To find the slope of the tangent at a specific point on the curve, we evaluate the derivative at that point. This process requires substituting the x-value of the point into the derivative.In our case, the point given is \((-1, 3)\). By substituting \(x = -1\) into the derivative:\[ y' = -2(-1) = 2 \]The slope of the tangent line, \(m\), at the point \((-1, 3)\) is 2. This tells us that at this point, the tangent line is rising at a rate of 2 units up for every unit it moves to the right. Understanding the slope is crucial as it determines the angle and steepness of the tangent line.

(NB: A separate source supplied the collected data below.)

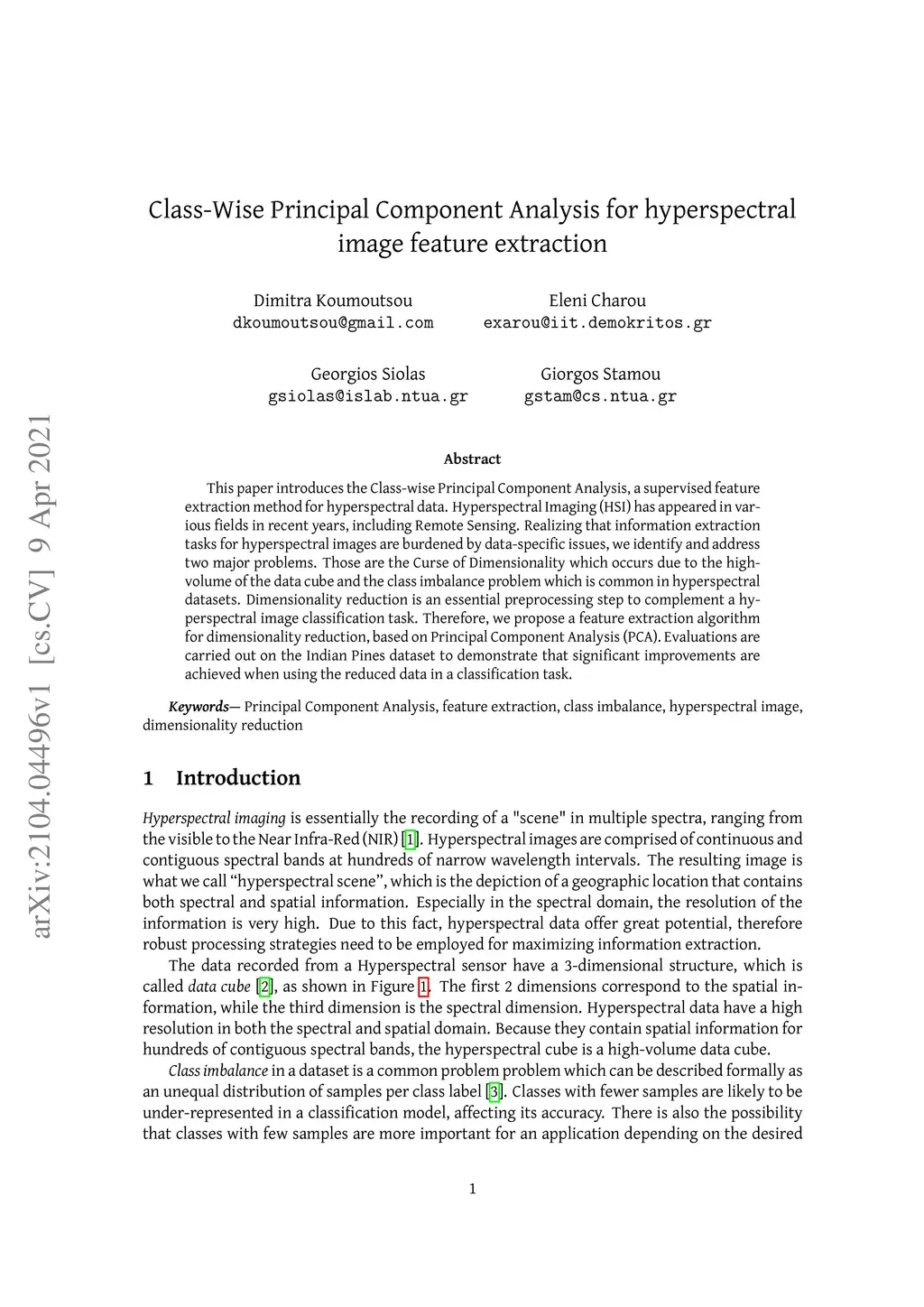 Class-Wise Principal Component Analysis for hyperspectral image feature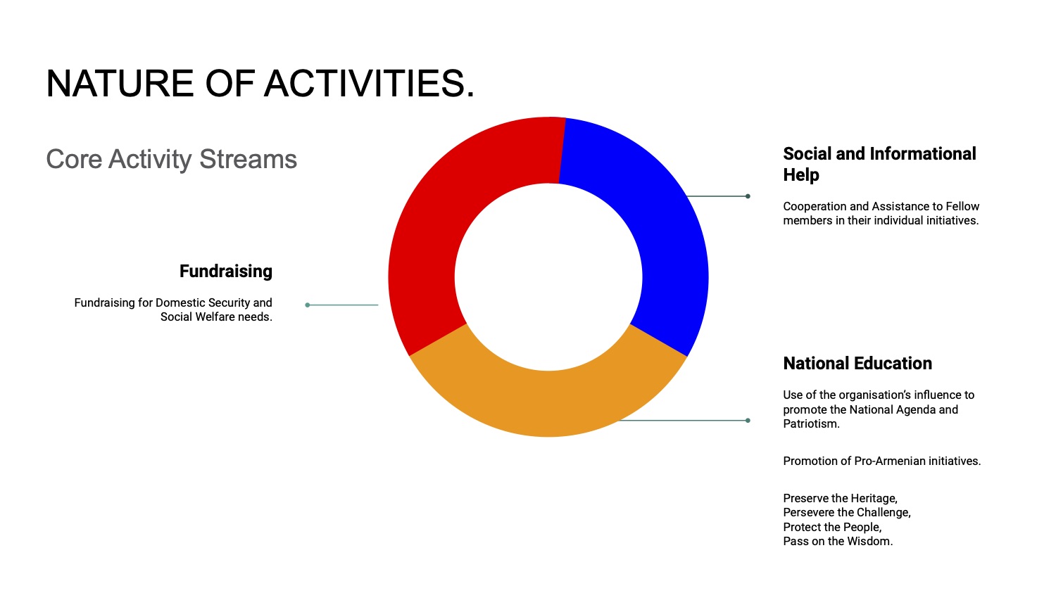 In this section, you’d able to consult Presentations that shed the light on our philosophy, as well as, our commitment to serve the best interests of Armenians.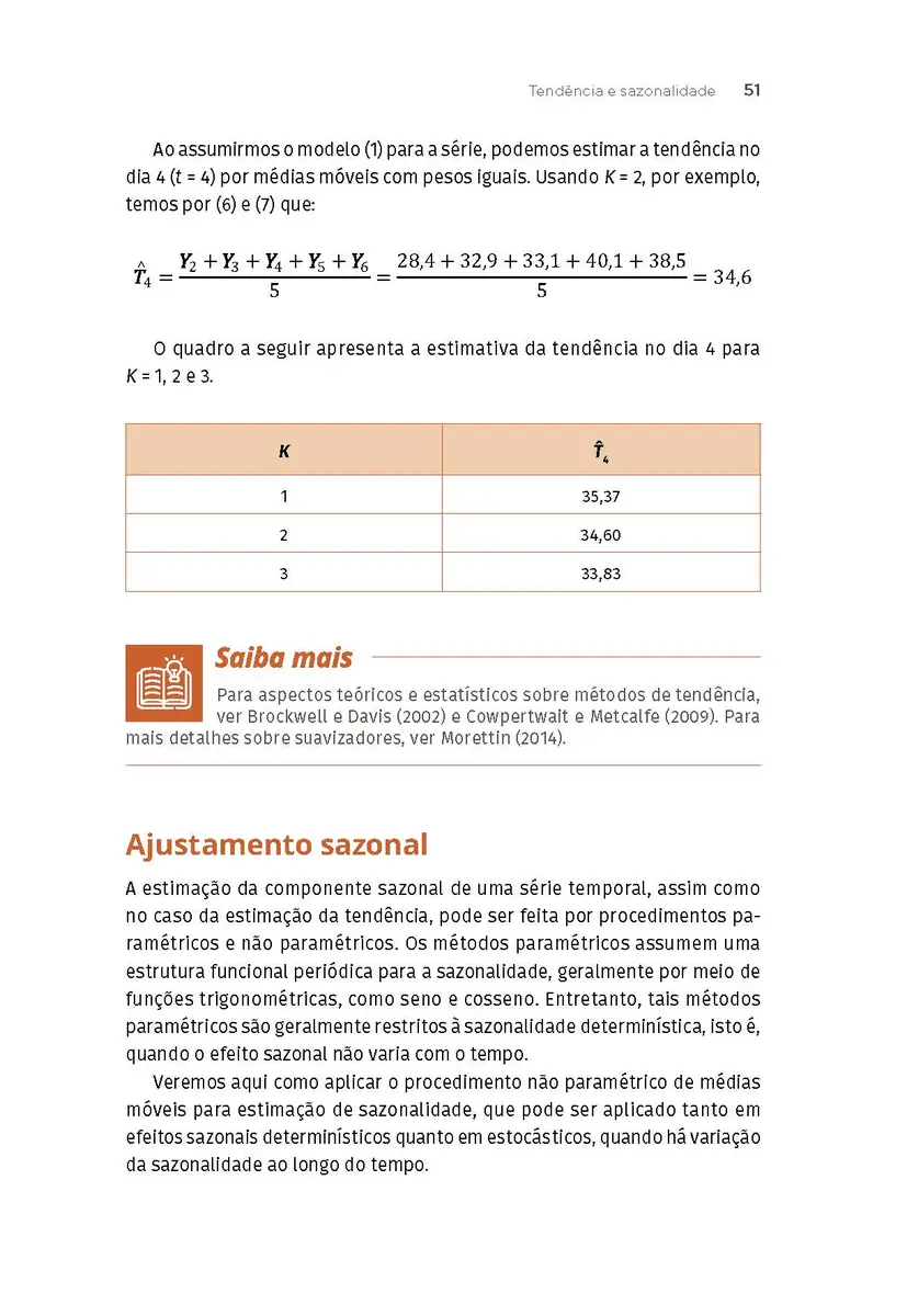 A análise de séries temporais é uma ferramenta que permite realizar previsões de dados quantitativos para períodos futuros. Dessa forma, pode ser utilizada nas mais diversas áreas da ciência. Neste livro, você verá conceitos com foco na resolução de problemas e na construção de uma base teórica sólida para a análise de dados sem se descuidar das aplicações. Nos capítulos iniciais, são apresentadas considerações gerais sobre séries temporais, suas características e modelos existentes. Na sequência, serão discutidas situações aplicadas ou relacionadas a cada um dos modelos, bem como serão estudados tendências e sazonalidade e exemplos de modelos estacionários e não estacionários. Por fim, os últimos capítulos se dedicam ao estudo da identificação, da estimação, do diagnóstico e da previsão de modelos Arima.

Once we have the slope of the tangent line, we can find the equation of that line using the point-slope form. This is a simple and efficient way to form an equation of a line when a point on the line and the slope are known.The point-slope formula is:\[ y - y_1 = m(x - x_1) \]where \((x_1, y_1)\) is a given point on the line and \(m\) is the slope.Given our point \((-1, 3)\) and slope \(m = 2\), we substitute these values into the formula:\[ y - 3 = 2(x + 1) \]After simplifying, we find the equation in slope-intercept form (\(y = mx + b\)), which is easier to graph:\[ y = 2x + 5 \]This equation describes the tangent line precisely as touching the curve only at \((-1, 3)\). Using the point-slope form to derive the equation is a fundamental technique in algebra and calculus.